QUESTION: I am a partner in a business and have been told that in the event of the death of my co-partner there could be considerable problems for the business. Can you offer some advice on this matter?
ANSWER: A partnership is simply a group of two or more individuals who work together with a view to making a profit, which is shared in stated proportions. The proportion often reflects how long each has been in the firm, and how much money they invested to join, or create, the firm.
The usual objective is for each of the partners to make enough profit on a year-by-year basis to create and enhance their lifestyle, to continue in business long-term, and to retire with sufficient capital and income to support that lifestyle.
Death, illness and disability can destroy all these plans unless there is some forward thinking. However, running a business is a full-time occupation that requires constant focus on short-term needs, often at the expense of long-term strategic planning.
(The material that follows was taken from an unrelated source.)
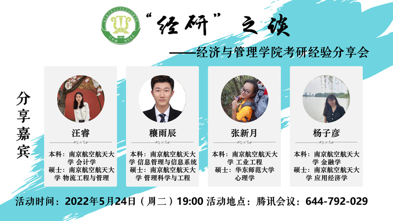 为引导学生理性考研,加强考研指导,5月24日晚,漫画柜 开展经“研”之谈——2019级考研经验分享会,2019级本科辅导员胡心雨,往届优秀考研学生代表汪睿、穰雨辰、张新月、杨子彦以及备战考研的同学们参加此次活动。

Succession planning is one of those long-term issues that often gets ignored altogether, until it becomes a necessity as a result of the death or disability of a co-partner, at which point it becomes essential. Seeking the advice of an independent financial adviser early on in your business partnership can prepare and protect you from the financial and emotional strains such a situation presents.
The exact entitlement of a partner on their death should be detailed in the partnership agreement. Typically this will state that the deceased's estate is entitled to receive the deceased's share of the profit in the year of death, and their share of the partnership assets.
This agreement will usually be enforceable by any heirs to the deceased's estate, and so puts an obligation, even a burden, on the remaining partners to meet the payment, whatever the financial health of the firm.
Heirs can enforce their rights against the wishes of the remaining partners, and if need be they have the legal right to put the other partners out of business if that's the only way to raise the cash. So it is essential that the partners make sure the partnership can continue in the event of the death or disability of one of them.
Where necessary this means ensuring that the surviving partner or partners will have sufficient funds to purchase the outgoing partner's share, rather than having to rely on borrowing, or being forced to bring outside capital into the business.
This security can be achieved through Partnership Insurance, which is an arrangement designed to ensure that the partnership share is retained by the remaining partners, and the outgoing partner or their spouse/dependents receive full and fair compensation.
Creating the funds is achieved with a suitable life insurance contract designed to pay out a cash sum on death or diagnosis of a critical illness, making sure that the funds go to the right people.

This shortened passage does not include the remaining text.